811.2381/11–1144
The Ambassador in Spain (Hayes) to the Secretary of State
[Received November 25.]
Sir: I have the honor to refer to the Department’s instruction No. 1154 of October 10, 1944 (File No. 811.2381/9–1844), which has reference [Page 423] to Tangier telegram No. 187, dated June 29, 1944, regarding the achievement of the Legation in securing the agreement of the High Commissariat at Tetuán to order anti-aircraft batteries in Spanish North Africa to desist from firing upon American military aircraft in the circumstances stated.
The implementation of this agreement, as far as this Embassy is informed, has been most satisfactory. Accordingly, the opinion of the Chargé d’Affaires at Tangier was informally requested concerning the desirability of reopening the subject at Madrid. The latter’s views, to which I fully subscribe, are informally expressed in the following paragraph of his personal letter in reply to that request:
“My own feeling is that this question is distinctly a dead issue and I personally can see no possible useful purpose in raising the question with the Spanish authorities. I feel convinced that our planes are not going to be fired on so that the questions raised by the Department in its instruction are now entirely academic. I had an opportunity to discuss this problem with officers of the Moroccan Sea Frontier Command a few days before leaving for Madrid and they felt as I did, that no further difficulties of any kind were to be expected by our planes flying in this area.”
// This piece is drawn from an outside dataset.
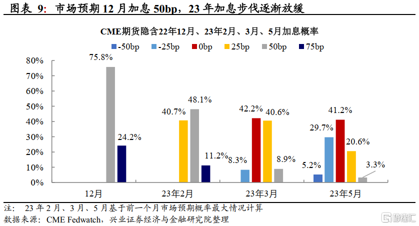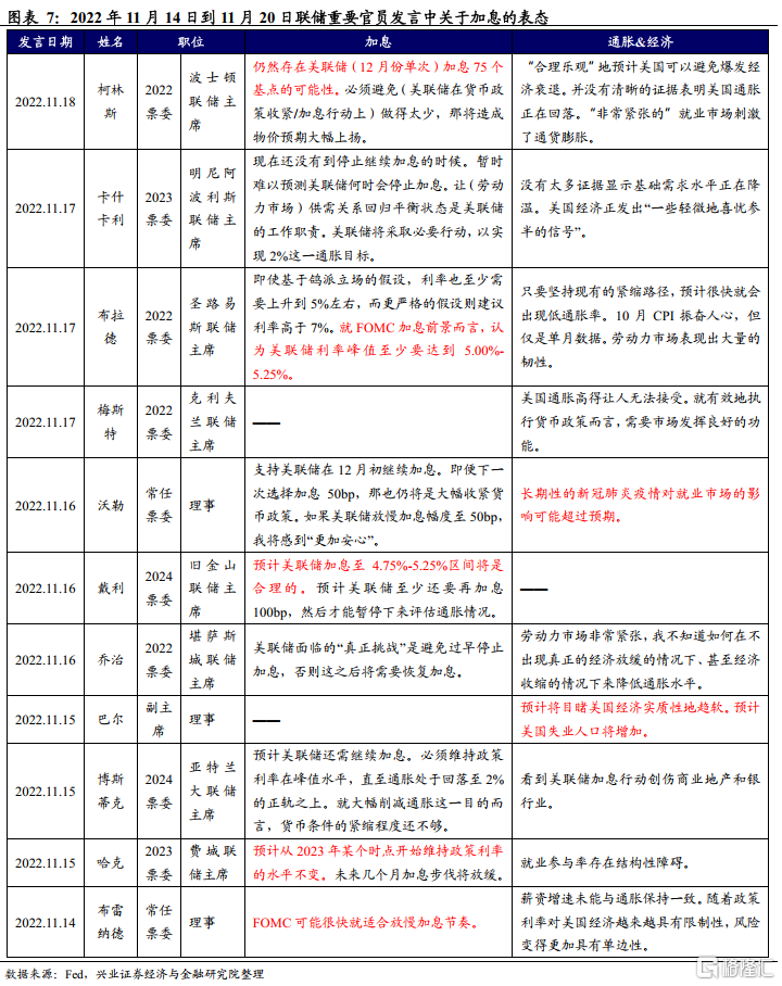 关于加息高度(how high):布拉德推算,即使基于鸽派的假设,本轮加息周期的利率峰值也至少要达到5.00%-5.25%(目前联邦基金利率区间为3.75%-4.00%),而更严格的假设则应高于7%;柯林斯强调美联储仍然存在12月份单次加息75bp的可能性。

The situation in like regard in the Canaries also would appear to have developed reasonably. The Consul at Las Palmas,44 mentioning by letter of November 4 that the fact of the Embassy’s protest to the Foreign Office at Madrid had been informally brought to the attention of the local military, stated:
“He (General Jimenez) replied that orders had been received approximately a fortnight ago that ‘planes over the jurisdictional waters should not be shot at, but that planes over land must be’.”